У нее всегда это проявлялось в этом забавном и немного детском жесте: она плавно вздергивала свой и без того обычно вздернутый подбородок и особенно прямо расправляла плечи. От этого ее очаровательный носик начинал весьма забавно торчать, а глаза ей приходилось скашивать вниз, чтобы смотреть перед собой, а не в потолок.
Я неоднократно видел, что этот жест производил должное впечатление на посторонних ей людей. И лишь самые близкие знали, что за ним она скрывает неуверенность и робость.
Я — знал.
Меня всегда крайне умиляла в ней эта милая черта. Кому-то в такой момент она могла показаться высокомерной и надменной, но у меня сердце замирало от нежности, когда я видел, как воинственно блестят глаза у задравшей подбородок робкой Михримах. Она была прекрасна в такие моменты невыносимо, остро, смертельно; тонкая хрупкость ее женственности оттенялась силой и смелостью ее характера, и это сочетание разило прямо в сердце, не ведая промаха.

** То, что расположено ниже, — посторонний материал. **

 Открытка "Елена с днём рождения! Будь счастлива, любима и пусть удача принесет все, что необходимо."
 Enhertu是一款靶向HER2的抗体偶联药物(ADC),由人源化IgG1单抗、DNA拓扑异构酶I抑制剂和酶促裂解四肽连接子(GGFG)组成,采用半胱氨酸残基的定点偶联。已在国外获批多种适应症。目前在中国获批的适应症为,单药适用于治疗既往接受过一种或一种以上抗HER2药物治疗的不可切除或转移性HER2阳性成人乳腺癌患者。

— Госпожа, — медленно поклонился я, не сводя с нее глаз. Она выступала из своего наряда, как бронзовая статуя, прекрасная и идеальная.
Но она была прекраснее любой, самой совершенной статуи.
Ибо она была живая.
— Рустем, — самым независимых из всех оттенков своего независимого тона начала она, что снова свидетельствовало в пользу ее неуверенности, — я недовольна нижним этажом. Там слишком сыро. Того и гляди, заведется гниль!

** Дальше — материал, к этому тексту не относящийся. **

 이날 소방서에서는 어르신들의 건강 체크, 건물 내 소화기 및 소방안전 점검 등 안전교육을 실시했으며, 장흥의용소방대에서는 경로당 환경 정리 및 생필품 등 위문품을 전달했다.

Я в недоумении сморгнул. Причем тут нижний этаж? Что с ним не так? Почему этот странный вопрос удостоился таких церемоний?
— Я распоряжусь, госпожа, — заверил я ее.
Она улыбнулась, слегка наклонив голову, и ощутимо расслабилась: и подбородок чуть опустился, и плечи чуть опали.
Совершенно не способен понять, в чем заключалась важность ее дела и почему этот вопрос вызвал у нее такую неуверенность. Но, судя по всему, она сказала все, что хотела сказать, и теперь не знала, как уйти.
Я хотел было предложить ей — шербет, прогулку в сад, беседу, книгу? — но был слишком уверен в ее отказе.
Молчание становилось неловким, и я отчетливо понял, что единственный способ его нарушить — все-таки что-то предложить и дать ей тем самым повод отказаться и уйти.